§ **WORK INSTRUCTIONS**
All of the data below should be printed again word for word, pictures excluded.

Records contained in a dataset
╭──
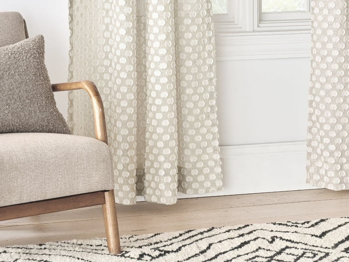 Soft-to-the-touch and wrinkle-resistant, our default drapery lining filters light, provides extra fullness, and helps extend the life of your curtains. Standard lining comes in two color options, Eris White and Eris Ivory. Available in both single and double widths, this standard lining is compatible with most panel sizes, and is stable in humidity to accommodate any climate. As the best-selling drapery lining in Europe, this multi-functional textile is a tried-and-true classic!
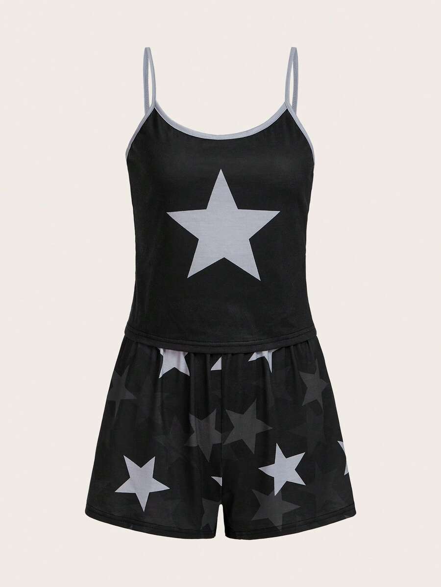 Grunge Punk Set pigiama con stampa stella bordo a contrasto
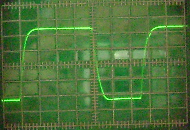 Меандр 32 кГц, ТП- 200 мА. Полевики на выходе поставил с конской ёмкостью 10 000 пФ. Хотел на предвыход поставить BD139/140 и увеличить ток преда, но тоже поленился.
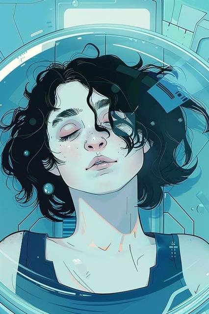 Семнадцатилетнее сновидение смотрит на двадцатилетнюю себя, опираясь локтем на капсулу.
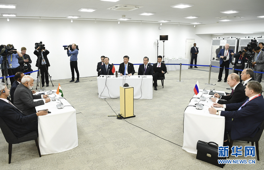 6月28日,国家主席习近平在大阪出席中俄印领导人会晤,同俄罗斯总统普京、印度总理莫迪就当前国际形势、重大国际和地区问题、三方合作深入交换意见。新华社记者 谢环驰 摄
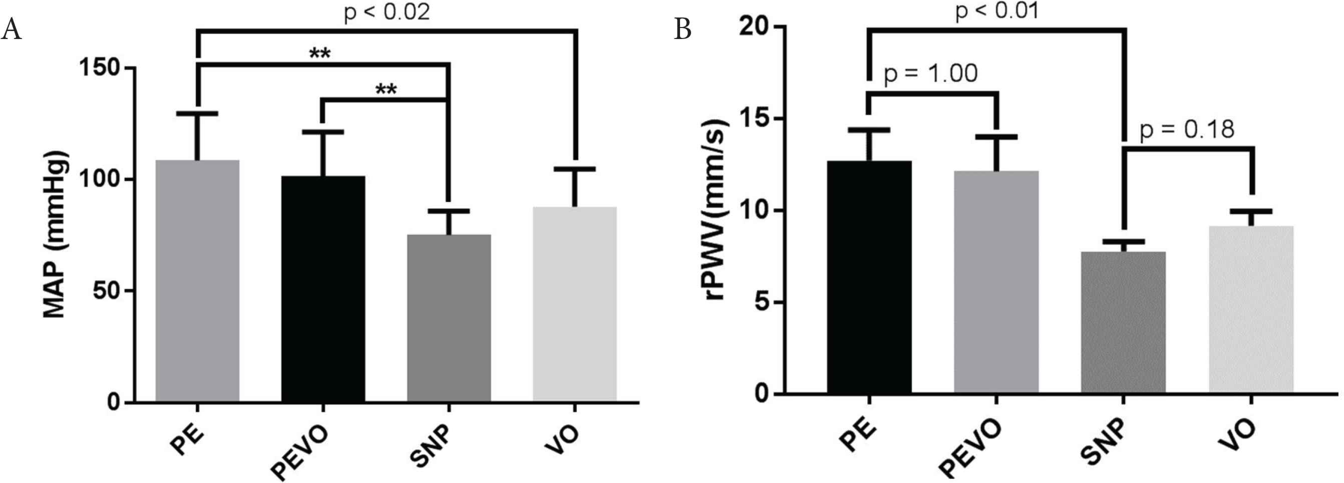 Average (A) mean arterial pressure (MAP) and (B) retinal artery pulse wave velocity (rPWV) following infusion of phenylephrine (PE), sodium nitroprusside (SNP) and the use of venous occlusion (VO) as means of manipulating blood pressure; **p < 0.01
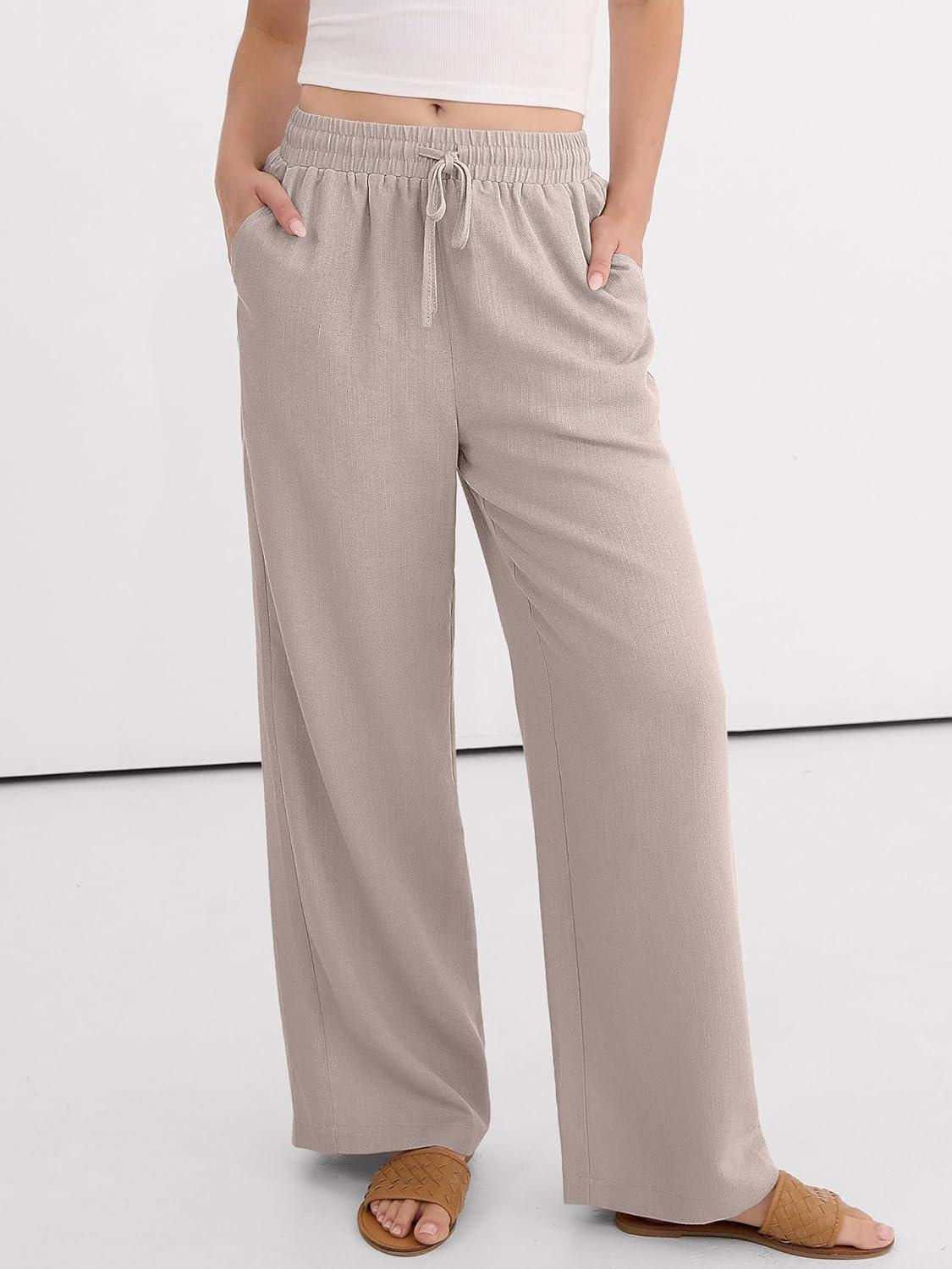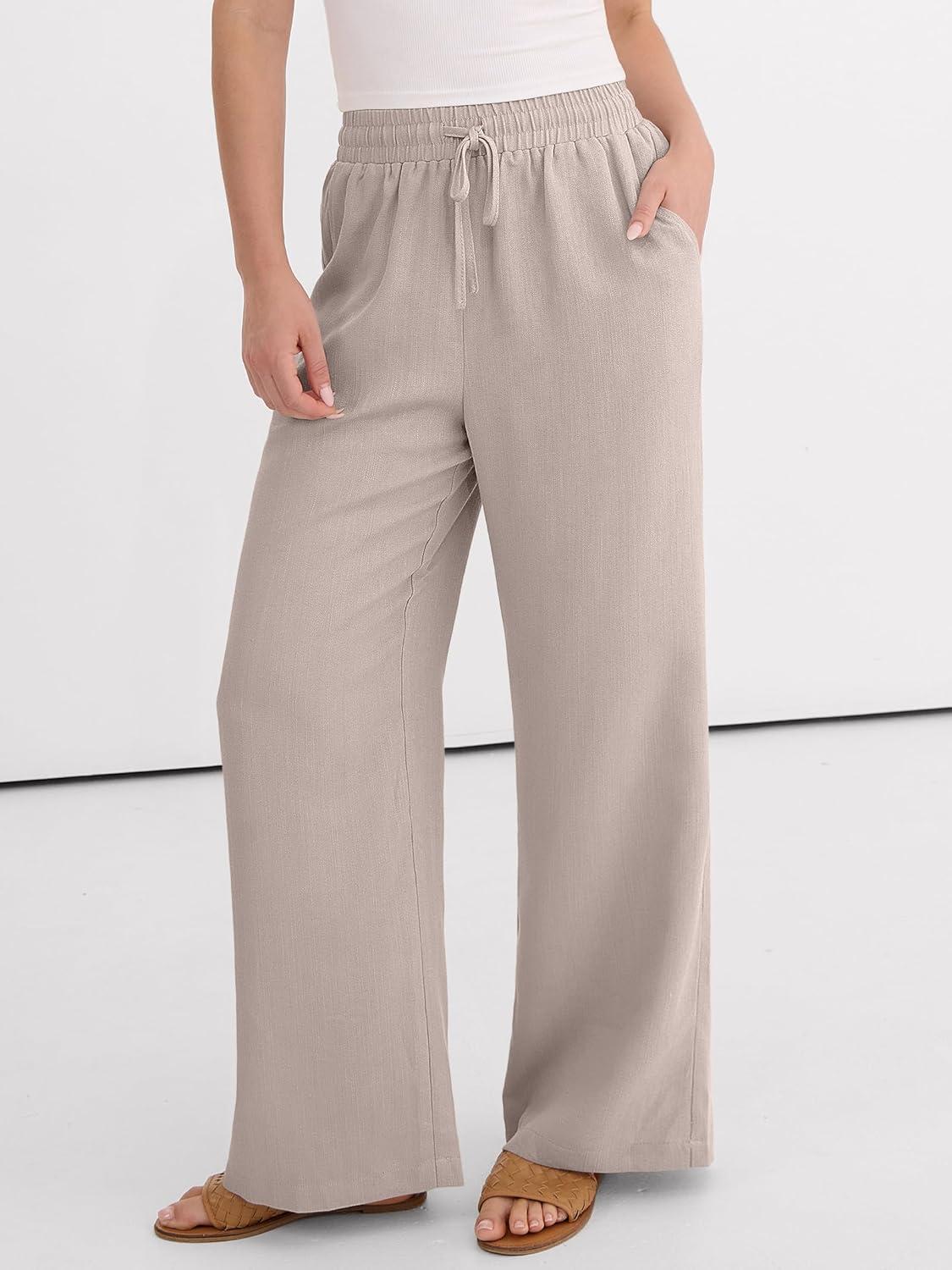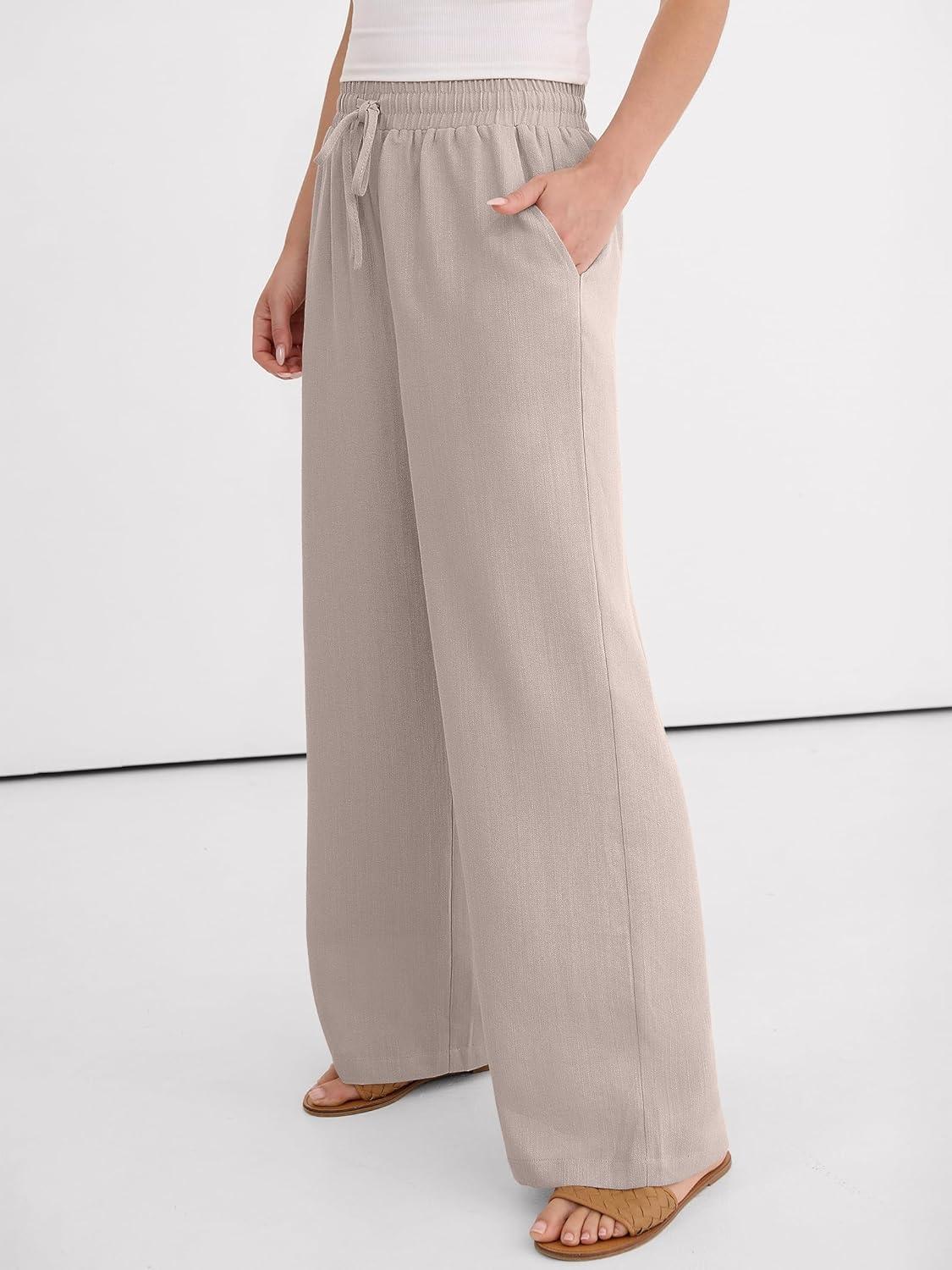 ANRABESS Women Wide Leg Palazzo Pants 2026 Summer Casual Loose Elastic High Waisted Flowy Lounge Beach Trousers Work Outfits(Parchment)
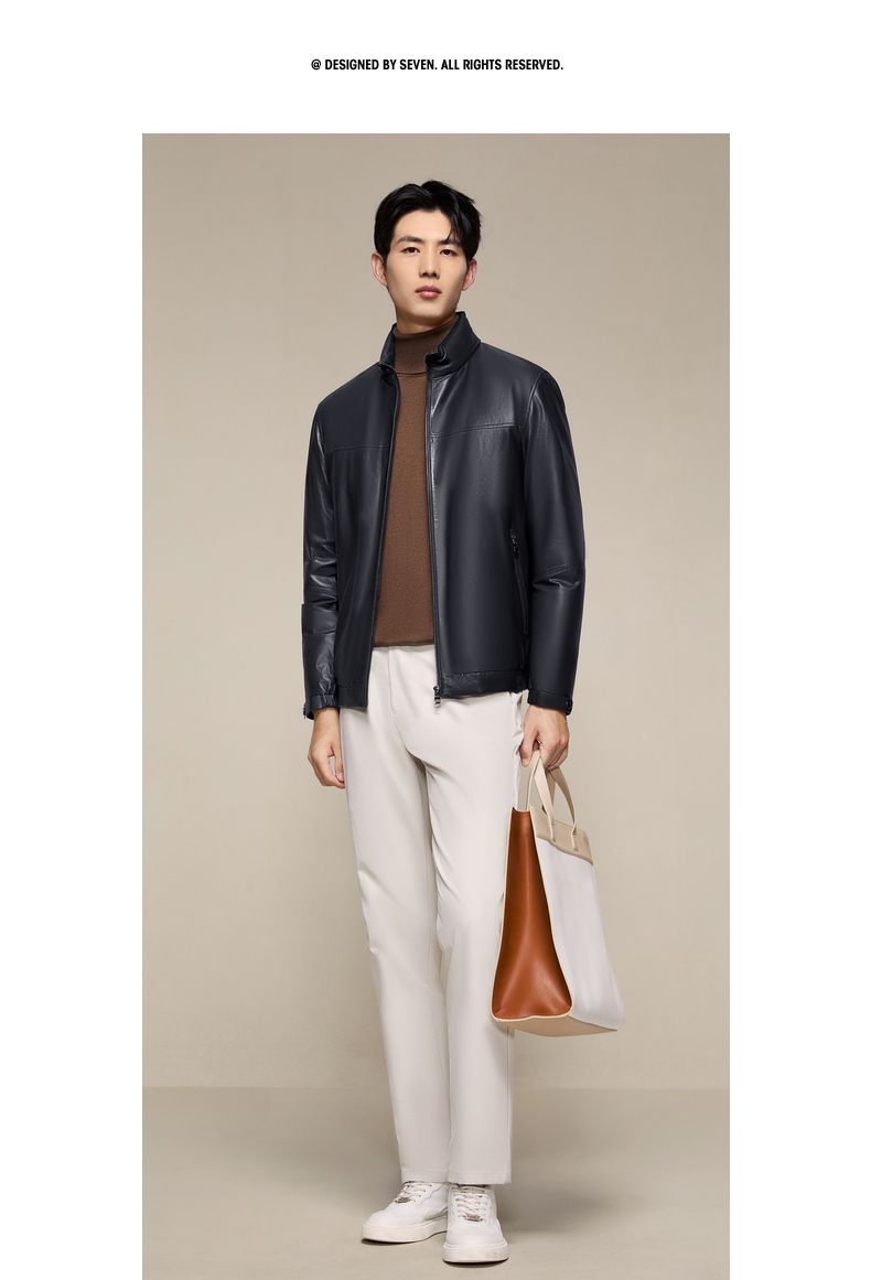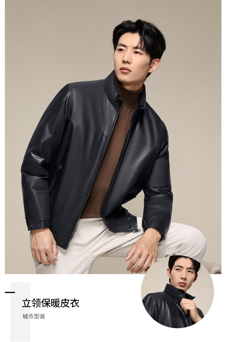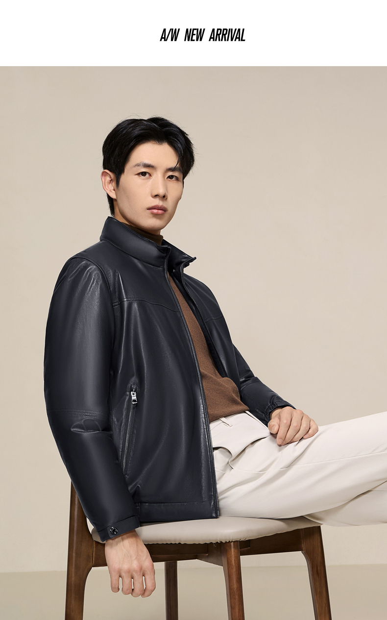 【高端系列/轻薄山羊皮/85鹅绒】柒牌立领商务厚款防风真皮皮衣男129J70630
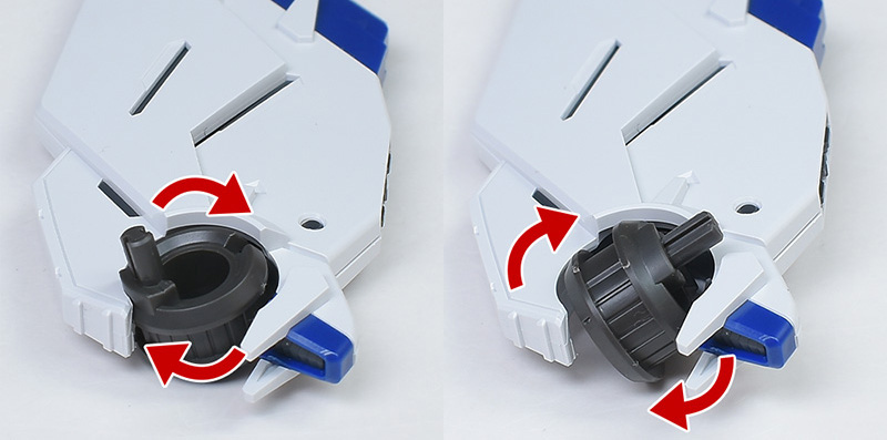スラスターはロールや左右、前後など幅広く可動。ポーズに合わせて干渉が避けられますし、スラスターとしての動きをつけることができます。
╰──
§ **ANSWER TO THE PROBLEM**
 Soft-to-the-touch and wrinkle-resistant, our default drapery lining filters light, provides extra fullness, and helps extend the life of your curtains. Standard lining comes in two color options, Eris White and Eris Ivory. Available in both single and double widths, this standard lining is compatible with most panel sizes, and is stable in humidity to accommodate any climate. As the best-selling drapery lining in Europe, this multi-functional textile is a tried-and-true classic!
 Grunge Punk Set pigiama con stampa stella bordo a contrasto
 Меандр 32 кГц, ТП- 200 мА. Полевики на выходе поставил с конской ёмкостью 10 000 пФ. Хотел на предвыход поставить BD139/140 и увеличить ток преда, но тоже поленился.
 Семнадцатилетнее сновидение смотрит на двадцатилетнюю себя, опираясь локтем на капсулу.
 6月28日,国家主席习近平在大阪出席中俄印领导人会晤,同俄罗斯总统普京、印度总理莫迪就当前国际形势、重大国际和地区问题、三方合作深入交换意见。新华社记者 谢环驰 摄
 Average (A) mean arterial pressure (MAP) and (B) retinal artery pulse wave velocity (rPWV) following infusion of phenylephrine (PE), sodium nitroprusside (SNP) and the use of venous occlusion (VO) as means of manipulating blood pressure; **p < 0.01
 ANRABESS Women Wide Leg Palazzo Pants 2026 Summer Casual Loose Elastic High Waisted Flowy Lounge Beach Trousers Work Outfits(Parchment)
 【高端系列/轻薄山羊皮/85鹅绒】柒牌立领商务厚款防风真皮皮衣男129J70630
スラスターはロールや左右、前後など幅広く可動。ポーズに合わせて干渉が避けられますし、スラスターとしての動きをつけることができます。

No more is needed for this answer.